The board of directors has proposed that shareholders vote on a new award for the CEO. This could give Musk 12% ownership in the company worth up to $1 trillion if certain performance and valuation goals are met. These include delivering 20,000,000 vehicles within a 10 year period.

The billionaire has positioned Tesla as more of a technology company rather than an EV manufacturer by focusing on AI based self-driving system, robotaxis, and humanoid robotics.

Cheaper Models

Tesla has delayed the launch of the Model Y, a lower-cost variant, in the U.S. by several months. The plan is to eventually build the variants in China and Europe.

Tesla announced in June that the company had built "first builds" but that they would begin selling the vehicles in the fourth quarter, and increase production slower than expected.

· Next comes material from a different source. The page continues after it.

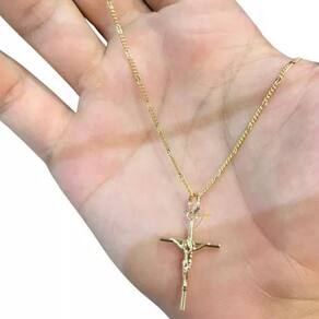 pingente formato cruz com cristo, med. 3,0 x 1,9 cm unissex

Analysts say that Tesla's ability cushion a slowdown after the credit crunch will be heavily dependent on its push to lower-priced model.

Matt Britzman is a senior equity analyst at Hargreaves Lansdown and personally owns Tesla stock.

Sources told us earlier this year that the stripped-down model is intended to be about 20% cheaper to manufacture than the refreshed Model Y. It could scale up to around 250,000 units a month in the U.S.